Humble fare done right at Greedy Pig


Thursday, April 3rd, 2008

Indie music on the side adds to the relaxed mood

Mia Stainsby
Sun

Greedy Pig co-owner Allison McKinnon with a glass of wine. Photograph by : Steve Bosch, Vancouver Sun

It has the ring of gourmandizing, being scolded and taunted all at the same time. Greedy Pig is a friendly neighbourhood noshery, a wonderful blend of great indie music (live as well as recorded), delicious comfort foods and easygoing attitude.

Patrons are models of street hip. The guys are in an assortment of hats — a toque, a backward newsboy cap, porkpie. There’s a loud, striped necktie knotted loosely around someone’s neck. And over there, a Cowichan sweater. And maybe not such a great trend, if it is one, is the pipe-smoking (goin‘ on outdoors) — like 1950s dads.

I mentioned the music. Owners Allison and Cameron McKinnon not only are vets in the restaurant industry working in various capacities in the front-of-house at Brix and Il Giardino, they’re also musicians. She sings and plays guitar and piano. He plays multiple instruments in a rock band called Old Ripper. To move along the relaxed mood, there’s a tight but nice selection of beers and wines, too.

From the food perspective, first of all, Greedy Pig offers a nice selection of charcuterie plates. Not too long ago, the idea of salami and cheese wasn’t exactly a gourmet turn-on, at least in North America. All of a sudden, it’s cool — or should I say, hot.

It started with great product from local companies like Oyama Sausage on Granville Island Public Market and JNZ on Commercial Drive and took off from there. Chefs began plating them temptingly (cut transparently thin) and serving them with scrumptious cheeses and condiments. Restaurateur Sean Heather was first off the blocks with his inspired charcuterie love-in called Salt; edgily, he located his contemporary homage to cured meats and cheeses and wine just off needle-strewn Blood Alley. Other restaurants followed suit but not in quite the dramatic fashion; for instance, Soma, off Main, offers a nice charcuterie but it’s an option.

So, too, at Greedy Pig. It offers an $18 Butcher’s Plate, where you select two cheeses and three cured meats that come with salsa verde, pear rum compote, grapes and baguette slices. There’s also a foie gras paté plate, a Bresaola plate, a country paté plate ($10 to $16).

But there’s more than cured meats and cheeses. The kitchen is not much larger than a chef’s wing span, so there’s not a lot of fancy cooking going on. However, the humble fare of panini, soups, salads and stews is affordable and made with local ingredients.

The McKinnons had friend Sean Sylvestre, who until recently was sous chef at Cioppino’s, develop the menu and then hired former Cioppino prep cook Neil Hiltz to man the kitchen.
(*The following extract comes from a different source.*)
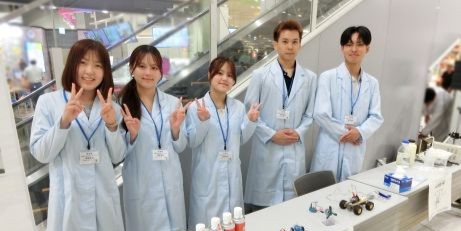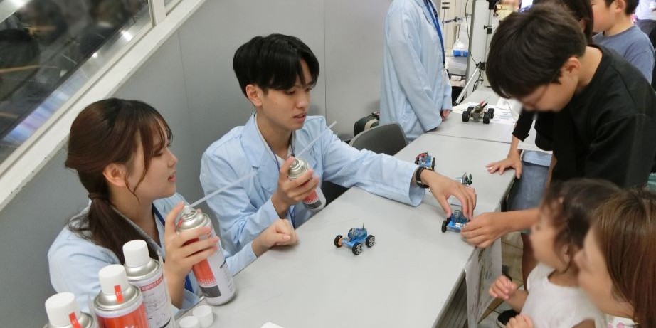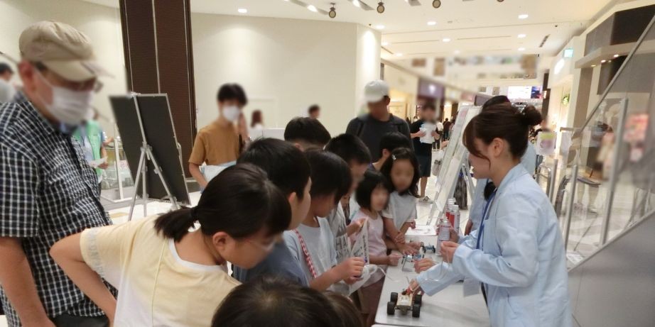 本校学生が「水素エネルギー普及啓発イベント」に応援参加、燃料電池ミニカーを展示 2025年10月1日|お知らせ 奈良県と奈良高専が主催する「水素エネルギー普及啓発イベント」が、令和7年8月30日(土)にイオンモール大和郡山(奈良県大和郡山市)にて開催されました。 このイベントは、小学生以上を対象とした水素や燃料電池に関する基礎講座や展示を行うもので、水素エネルギーで作動する燃料電池を来場者に知ってもらうことを目的としています。公開講座を担当する奈良高専学生5名に加え、本校からは生物応用化学科2年生5名(井澗佑志郎さん、宇野圭音さん、武田颯希さん、玉出実咲さん、辻浦芹夏さん)が応援参加し、燃料電池の説明および燃料電池を搭載したミニカーのデモを行いました。公開講座で基礎実験を体験した小学生の多くが会場に残って燃料電池ミニカーの実演を楽しみ、水素エネルギーについて大いに興味をもってくれたことが伺えました。 本活動は2025年度エネルギー教育支援事業(電気新聞)の助成を受けて実施されました。 担当教職員:生物応用化学科 教授 綱島克彦 燃料電池ミニカーのデモの様子 説明をしている様子 本校からの参加学生

I tried a couple of panini — duck confit with sour cherries and bitter greens and the pulled pork with fennel and apple slaw. Both were delicious. The Prairie Stew, a long-simmered beef stew in dark stout, had lots of tender meat and deep, rich flavour. There’s only one dessert so far, a rum rice pudding that was tasty enough to order twice. There will be more desserts soon.
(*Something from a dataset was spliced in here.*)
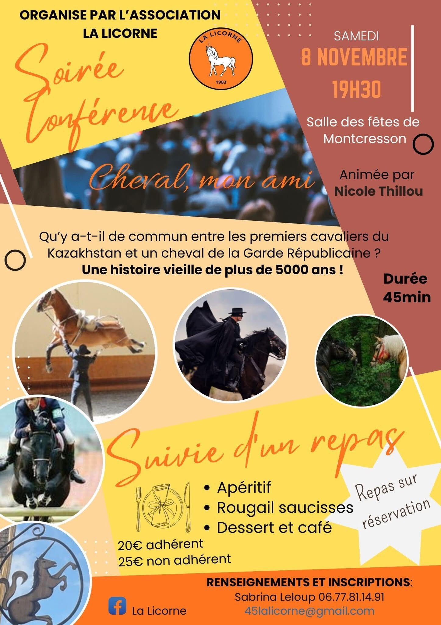 L’association La Licorne vous propose de les retrouver à la soirée conférence au doux titre de : Cheval, mon ami. 🐴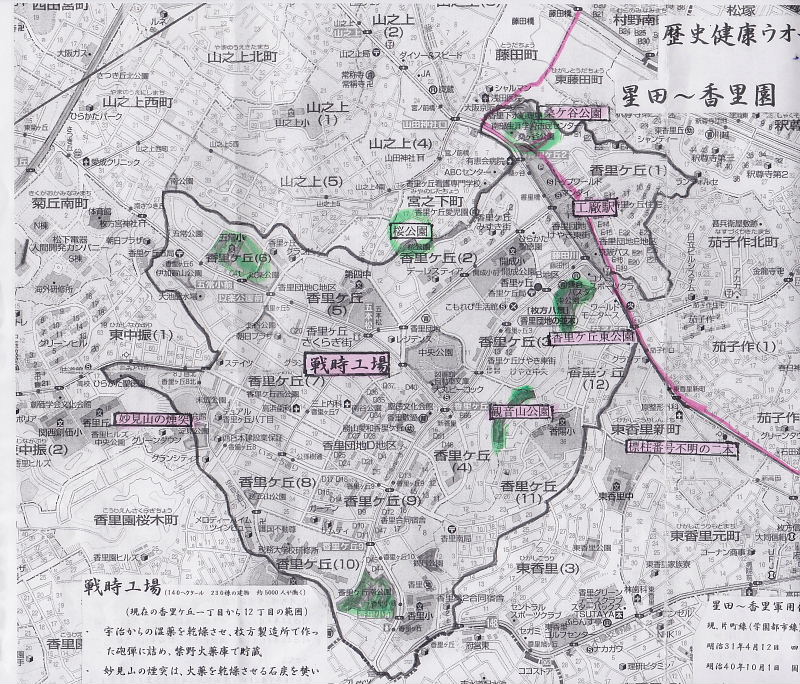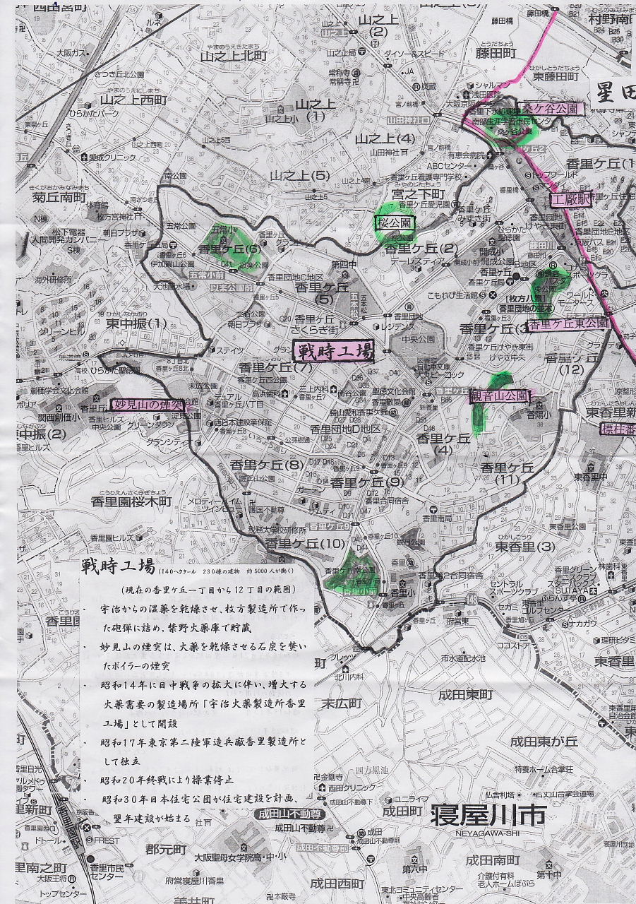 ![]() 現在の香里ケ丘1丁目から12丁目までの範囲、140ヘクタール、230棟の建物、約5000人が働いていた。 宇治からの湿薬を乾燥させ、枚方製造所で作った砲弾に詰め、金や火薬庫で禁野火薬庫で貯蔵。 妙見山の煙突は、火薬を乾燥させる石炭を焚いたボイラーの煙突。 昭和14年に日中戦争の拡大に伴い、増大する火薬需要の製造場所「宇治火薬製造所香里工場として開設。昭和17年東京第二陸軍造兵廠香里製造所として独立。昭和20年終戦により操業停止。昭和30年日本住宅公団が住宅建設を計画、翌年建設が始まる。 |

Allison, who’s in charge of the wines, has put together a nice selection and the mark-ups are lower than average. The Caymus Conundrum, I found, is delicious and a great cheese pleaser.

If there’s improvement required, it’s the lengthy wait for food. We seemed to be the only table waiting and yet it took an inordinate amount of time to deliver the simple-to-prepare dishes.

THE GREEDY PIG

Overall: 3 1/2

Food: 3 1/2

Ambience: 3 1/2

Service: 3 1/2

Price: $/$$

307 West Cordova St., 604-669-4991. www.thegreedypig.ca. Open Tuesday to Saturday, noon to midnight.

Restaurant visits are conducted anonymously and interviews are done by phone. Restaurants are rated out of five stars.